I don't know if the mother understood. But I saw that the girl nodded and smiled. Maybe she understood it. The sharp message “You always go where you shouldn't!” given at this stage of life can block her forever. She will remember that she has to stick to the path that is designated for her, only this way you can go from point A to point B. What if she dreams about point C, where you need to find a new way?
I don't really analyse my reactions. It flows rather from intuition. I feel that I should go and say something, so I do it. Maybe there is simply nothing to think about. It's a waste of life, thinking - go or not go, say or not say. It cost me nothing and maybe this person won't meet anyone today who tells: “You are doing great”.
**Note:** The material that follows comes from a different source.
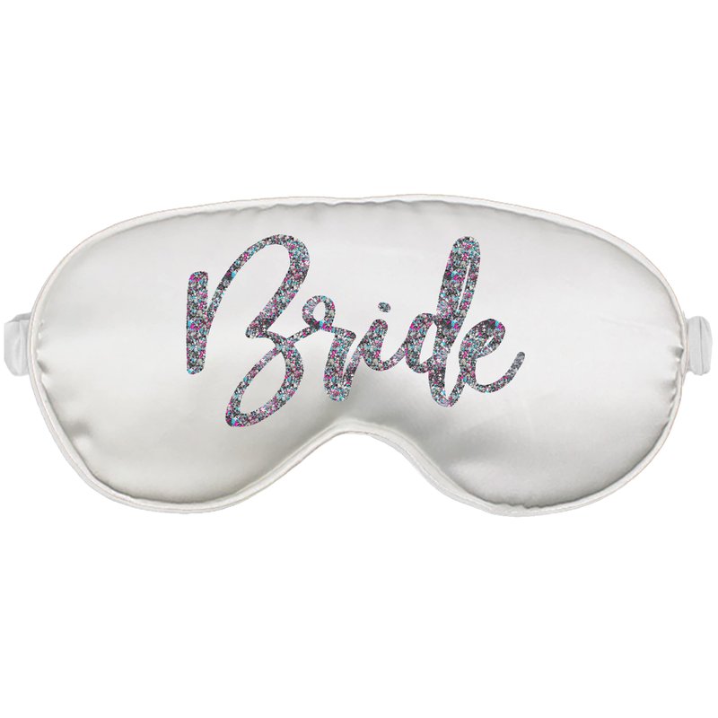 Honeymoon Gifts for Bride to Be - Black Multi Sparkle Glam Bride Satin Sleep Mask - Bachelorette Party Gifts - White Eye Mask(BLK Glm BRD)

You'll die. This is a fact
I try to take care of people at different levels. For example, our two wonderful employees of the District Library, I always bring them some books, reports, posters. And sometimes they recommend me something to read. Recently one of them said: “I have something for you.” She puts a book in front of me, Warsztaty umierania [Workshops on dying] by Katarzyna Boni. I thought it would probably be pessimistic, but I took it.
This is one of the most beautiful books I've read. It gives hope. I took at least 6 exercises from it to work with young people.
For example, we are talking about a bowl of rice. There is a story in this book: you go to parents you have not seen for a long time, you are very connected with them, you write, call, solve various problems remotely. You come and they give you rice. You know rice is important to them, it's the only thing they have and can offer you. And recently in the place they live there was a failure in the nuclear power plant. Will you eat it or not? There are always a lot of discussions around this type of moral dilemmas. Another exercise: you get 10 cards, on each you write one important thing in your life. Then you start reading the story of a woman who finds out she has cancer. After each passage you have to decide which of these things you discard, which has lesser value. Ultimately, it turns out that maybe a good job, money, phone are not as important as building relationships, being with people.
I learned a lot about death from my daughter. Some time ago my grandmother died, later my grandfather. Their death was talked about at home and I remember that Zuzia asked the question one evening: “Mum, will I die too?” On my chest, my heart totally blocked. I thought how can I answer this question without lie, because we have never done it. I said: “Yes, one day yes.” “Oh,” my daughter said. I thought the topic was over. A few days later she asked again: “Mum, will you die as well?” These were some of the most beautiful and important conversations. I had to deal with my emotions and fears. It was Zuzia who made me tame death. For a long time I thought about death as something you don't talk about, you don't even think about, as it will never happen. But that's not true. You'll die. This is a fact. You can be afraid of it, but what for? You don't have a say on that. But you can choose not to miss your life, to get the most out of it. Experience valuable lessons such as jumping in a puddle, running in the morning dew, rolling downhill. Unrestrained, not sticking to predefined frames. Be able to feel the moment when you are free. Sometimes you need one sunset. Sometimes one quarrel. A conversation. Eating a good apple, warmed from the sun. It is also important to live in harmony with each other every day. Wake up, look at my husband, daughter, sit in the kitchen with my sister, brother, mother, brother-in-law in the warmth of the stove. It feels great, that's what I want. I think it is has a meaning who we share our life with. I have a feeling that we are able to create a nice family with space for anger, sadness and happiness. There is also room for this “jumping-over-puddles” moments. And going out at 10pm on the balcony, if my daughter has such a need, because the stars are shining nicely. This moment is important. And saying that you can. If I could, I would let people hear it 24/7: You can do it! I know that some people have headphones in their ears for various reasons and won't listen. But it's always worth trying.